Exercise prompt: Scan the records beneath this line for the line holding "利用蝸牛、蝴蝶丶蜻蜓、魚丶鳥" and the line holding "This is a metal", then transcribe exactly those two and all lines between.

Given entries:
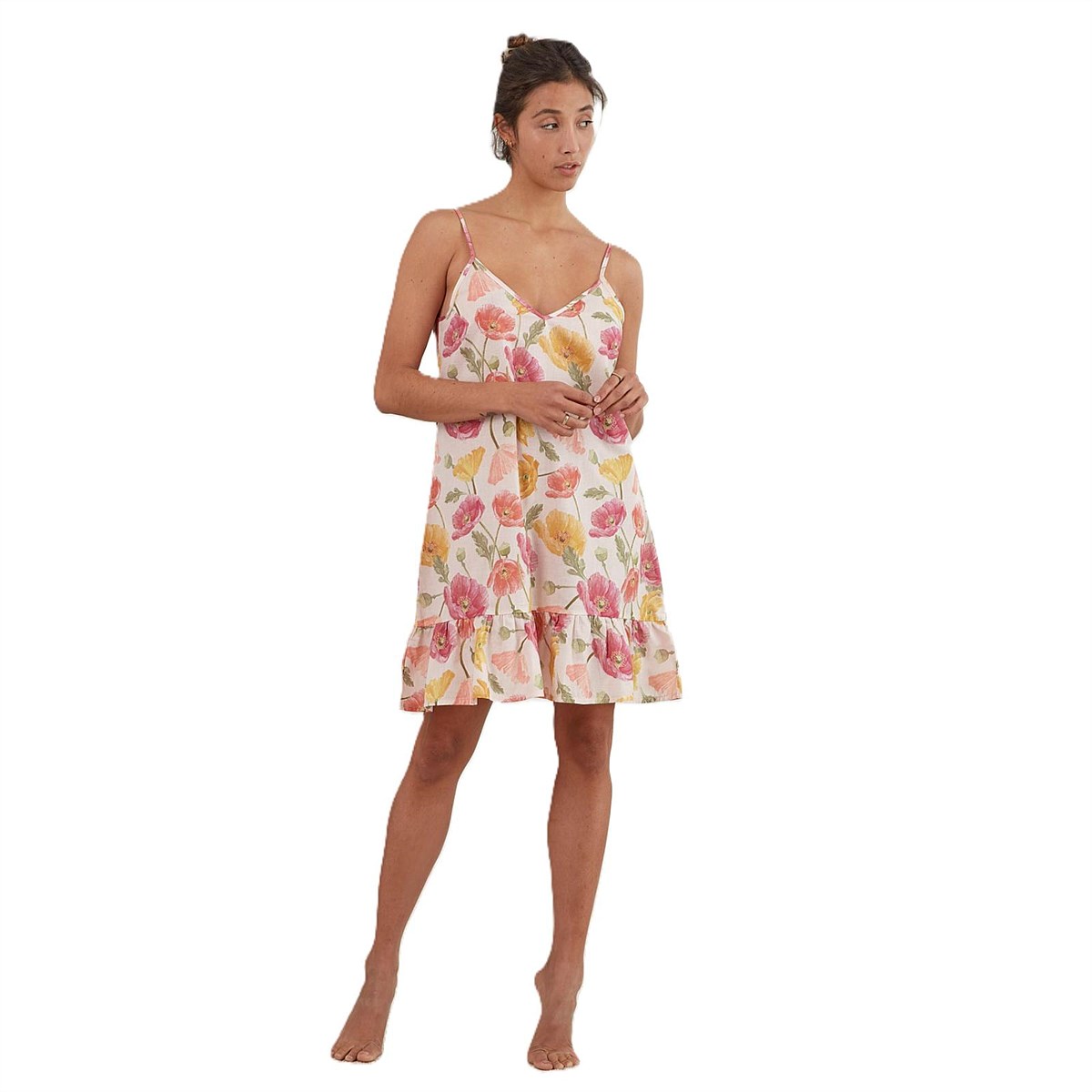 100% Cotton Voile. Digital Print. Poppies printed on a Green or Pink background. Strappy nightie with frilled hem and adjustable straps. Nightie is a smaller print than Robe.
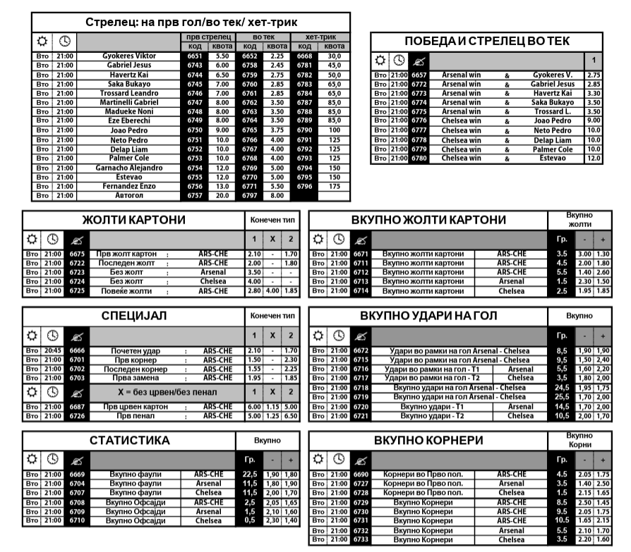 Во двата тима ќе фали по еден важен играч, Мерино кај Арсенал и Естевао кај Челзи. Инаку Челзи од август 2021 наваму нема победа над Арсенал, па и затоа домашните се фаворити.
* * *
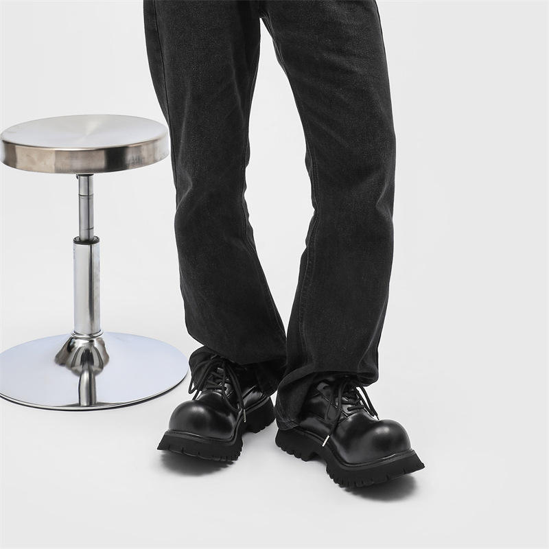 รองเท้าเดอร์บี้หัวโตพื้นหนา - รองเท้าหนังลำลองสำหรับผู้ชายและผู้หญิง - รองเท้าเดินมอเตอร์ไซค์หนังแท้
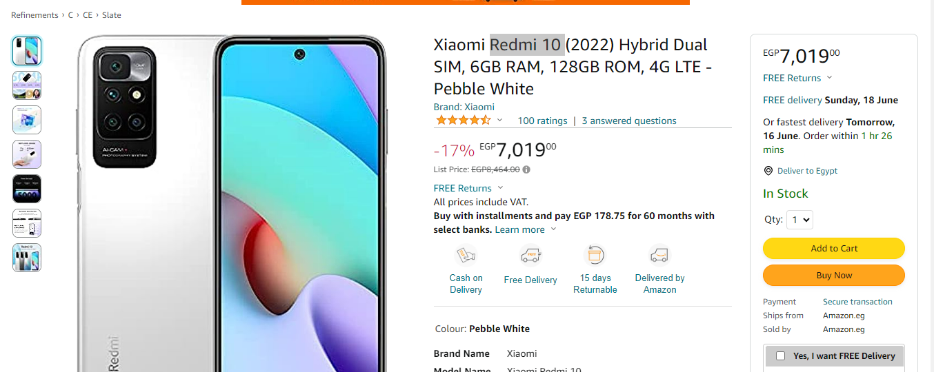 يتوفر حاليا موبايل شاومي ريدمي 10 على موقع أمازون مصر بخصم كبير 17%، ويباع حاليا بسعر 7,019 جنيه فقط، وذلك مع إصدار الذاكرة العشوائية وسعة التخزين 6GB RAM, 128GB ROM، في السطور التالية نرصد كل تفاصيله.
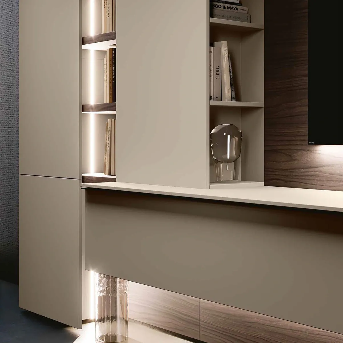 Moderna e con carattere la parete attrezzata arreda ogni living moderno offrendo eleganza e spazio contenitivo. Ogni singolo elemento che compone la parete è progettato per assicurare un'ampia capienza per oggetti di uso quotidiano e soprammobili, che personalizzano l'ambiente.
* * *
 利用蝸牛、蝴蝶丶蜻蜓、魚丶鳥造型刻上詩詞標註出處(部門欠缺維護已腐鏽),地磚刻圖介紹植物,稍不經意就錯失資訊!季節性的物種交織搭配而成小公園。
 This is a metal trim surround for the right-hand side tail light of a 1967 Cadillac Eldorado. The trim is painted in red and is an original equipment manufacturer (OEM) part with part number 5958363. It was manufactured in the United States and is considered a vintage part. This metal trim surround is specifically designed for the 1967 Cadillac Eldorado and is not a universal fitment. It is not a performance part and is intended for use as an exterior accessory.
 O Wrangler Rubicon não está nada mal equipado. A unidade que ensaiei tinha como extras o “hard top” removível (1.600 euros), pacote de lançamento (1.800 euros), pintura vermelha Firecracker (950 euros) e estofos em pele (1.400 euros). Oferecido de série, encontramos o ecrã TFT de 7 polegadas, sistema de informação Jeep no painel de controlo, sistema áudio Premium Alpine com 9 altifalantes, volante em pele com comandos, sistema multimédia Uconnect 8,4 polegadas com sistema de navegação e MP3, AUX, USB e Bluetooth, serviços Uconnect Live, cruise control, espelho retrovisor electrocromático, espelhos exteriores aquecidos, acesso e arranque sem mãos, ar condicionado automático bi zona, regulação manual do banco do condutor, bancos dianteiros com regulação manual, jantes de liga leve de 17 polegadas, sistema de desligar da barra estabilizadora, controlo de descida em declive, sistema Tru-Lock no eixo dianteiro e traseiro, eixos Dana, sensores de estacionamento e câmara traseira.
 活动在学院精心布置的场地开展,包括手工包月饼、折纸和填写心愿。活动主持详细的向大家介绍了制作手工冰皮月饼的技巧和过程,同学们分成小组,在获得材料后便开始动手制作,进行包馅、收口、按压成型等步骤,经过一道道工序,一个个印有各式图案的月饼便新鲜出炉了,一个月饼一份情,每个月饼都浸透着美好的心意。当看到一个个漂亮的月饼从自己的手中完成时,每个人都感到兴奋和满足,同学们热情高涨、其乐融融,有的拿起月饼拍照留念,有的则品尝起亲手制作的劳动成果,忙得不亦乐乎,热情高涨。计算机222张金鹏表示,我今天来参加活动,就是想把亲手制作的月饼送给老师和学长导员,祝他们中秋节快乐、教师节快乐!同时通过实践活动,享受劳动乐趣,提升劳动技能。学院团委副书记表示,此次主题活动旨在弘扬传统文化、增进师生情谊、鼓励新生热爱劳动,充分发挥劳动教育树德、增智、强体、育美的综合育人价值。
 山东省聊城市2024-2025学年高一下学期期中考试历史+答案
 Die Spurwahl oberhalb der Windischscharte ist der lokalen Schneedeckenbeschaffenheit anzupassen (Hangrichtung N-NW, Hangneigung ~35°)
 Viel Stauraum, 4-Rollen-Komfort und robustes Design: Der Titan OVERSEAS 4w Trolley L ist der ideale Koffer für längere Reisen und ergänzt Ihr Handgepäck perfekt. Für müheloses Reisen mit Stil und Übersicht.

Answer to the problem:
 利用蝸牛、蝴蝶丶蜻蜓、魚丶鳥造型刻上詩詞標註出處(部門欠缺維護已腐鏽),地磚刻圖介紹植物,稍不經意就錯失資訊!季節性的物種交織搭配而成小公園。
 This is a metal trim surround for the right-hand side tail light of a 1967 Cadillac Eldorado. The trim is painted in red and is an original equipment manufacturer (OEM) part with part number 5958363. It was manufactured in the United States and is considered a vintage part. This metal trim surround is specifically designed for the 1967 Cadillac Eldorado and is not a universal fitment. It is not a performance part and is intended for use as an exterior accessory.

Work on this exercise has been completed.